A plague can be defined as: ‘an epidemic disease that causes high mortality; pestilence’.  This emotive word has its root in latin originally, through old english, as a word meaning wound, stripe or pestilence.  It is most often associated with bubonic plague, or the Black Death as it was known in the 14th century.  During the 14th century plague the mortality rate in Western Europe was around 50%; half of the people infected went on to die as a result.  An outbreak of plague in London in 1603 killed an estimated 38,000 people.

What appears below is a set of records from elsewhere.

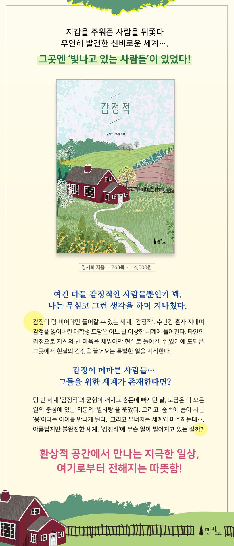 소설 『감정적』은 각각의 이유로 상처받은 사람들이 다시 자신의 소중한 감정을 채우고 일어서는 과정의 기록이다. 하나도 특별할 것 없는 보통의 것들 - 오로지 자기 자신에게 집중하는 시간, ‘감정적’의 아름다운 풍경, 좋은 사람들과 나누는 대화 - 이것을 통해 상처받은 이들은 세상을 살아갈 용기를 회복한다. 이들은 ‘감정적’이란 공간에서 비로소 매 순간 진심으로 하루를 보내는 각자의 방식을 터득하고 세상 밖으로 용기 내어 걸음을 내딛는다.
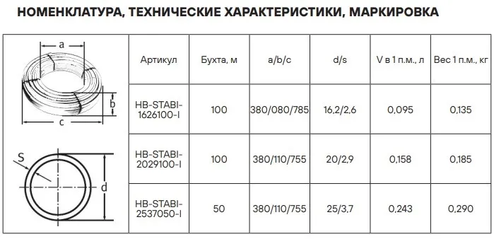 Характеристики товара Труба металлополимерная Hoobs Stabil 20 x 2.9мм PE-Xc/AL/PE-Xс HB-STABI-2029100-I
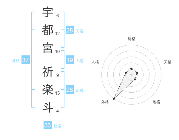 宇都宮 祈楽斗さんの外格は37画の5点!
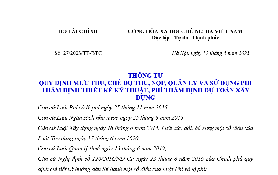 Thông tư số 27/2023/TT-BTC quy định mức thu, chế độ thu, nộp, quản lý và sử dụng phí thẩm định thiết kế kỹ thuật, phí thẩm định dự toán xây dựng
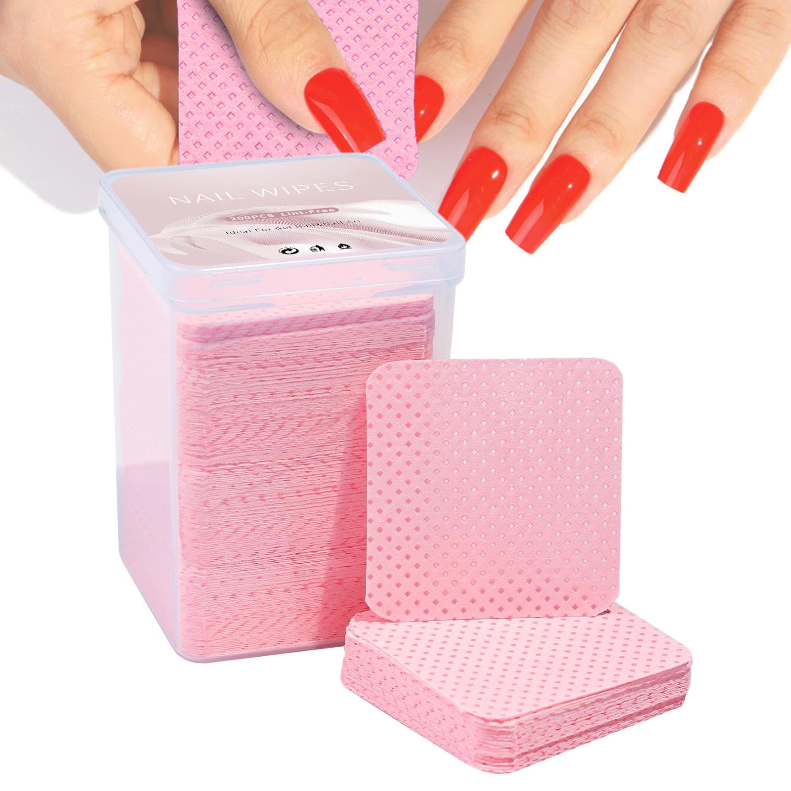 Design: Our towels are designed for a hassle-free travel experience. Take them outdoors, to the gym, or on vacation and enjoy the comfort. They come in large packs, making them easy and convenient to use: your nails stay clean, even while traveling. Practical: Revolutionize your facial cleansing routine with these towels. They effectively remove dirt, makeup, and excess oil and are also perfect for professional manicures and personal use. You can also gently remove artificial nails without causing any damage. Nail prep tool: Remove annoying dirt and oil stains from your nails before applying polish or glue. The soft, long towels are not easily deformed by friction or moisture, making them an integral part of your nail care routine. Soft and gentle: These lint-free towels made of fleece are super soft and gentle on nails and skin. They have high water absorption and won't leave residue or damage your polish. Hygienic nail care: With these pink sanitary napkins, remove eyelash stickers or remaining nail residue quickly and easily. Wrap nails for a clean finish. Contains 200 napkins measuring 5 x 5 cm per pack.
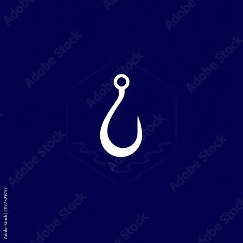 © Michel, Obraz premium White Hook Logo Design: A minimalist design for a hook on a navy blue background. The hook is stylized and modern with waves beneath it.
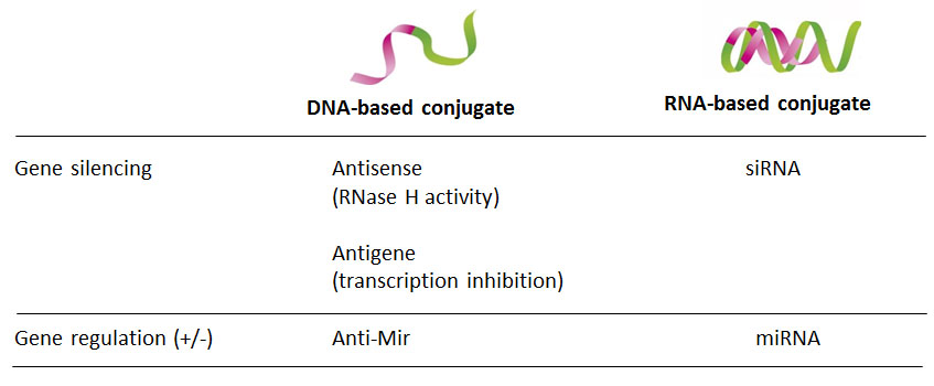 This technology can apply to different classes of therapeutic oligonucleotides such as siRNA, antisense and anti-miR. In the case of siRNA, a sub-class called SIRNAPLUS® have been developed and fully characterized. SIRNAPLUS® conjugates are stable, active in the presence of serum and have shown specific gene silencing activity at low nanomolar concentration. Their in vivo gene silencing efficacy is currently under evaluation, in xenograft tumor and lung metastasis models, and in neuronal progenitor cells in mouse brain.

So, how many have died in this ‘plague’?  50 apparently.  Each death is a tragedy for families and loved ones, no question.  They do not, however, amount to a national health emergency or ‘plague’.  We know Swine Flu is nasty, but it didn’t kill us all in 2009 and I’m pretty confident it won’t do so now either.  As for the vaccine running out, this seems to be based on some GP surgeries in England.  There is no widespread vaccine shortage.

So, what is this story about?  Some of it will be the standard Daily Express obsession with over-hyped medical stories.  Of course, a good dose of panic and threat to life-as-we-know-it has been proved to be good for the old circulation and is probably a cure for deadly flu.  As for any other possible reasons, I will refrain from comment for now.  I’m sure you have your own ideas.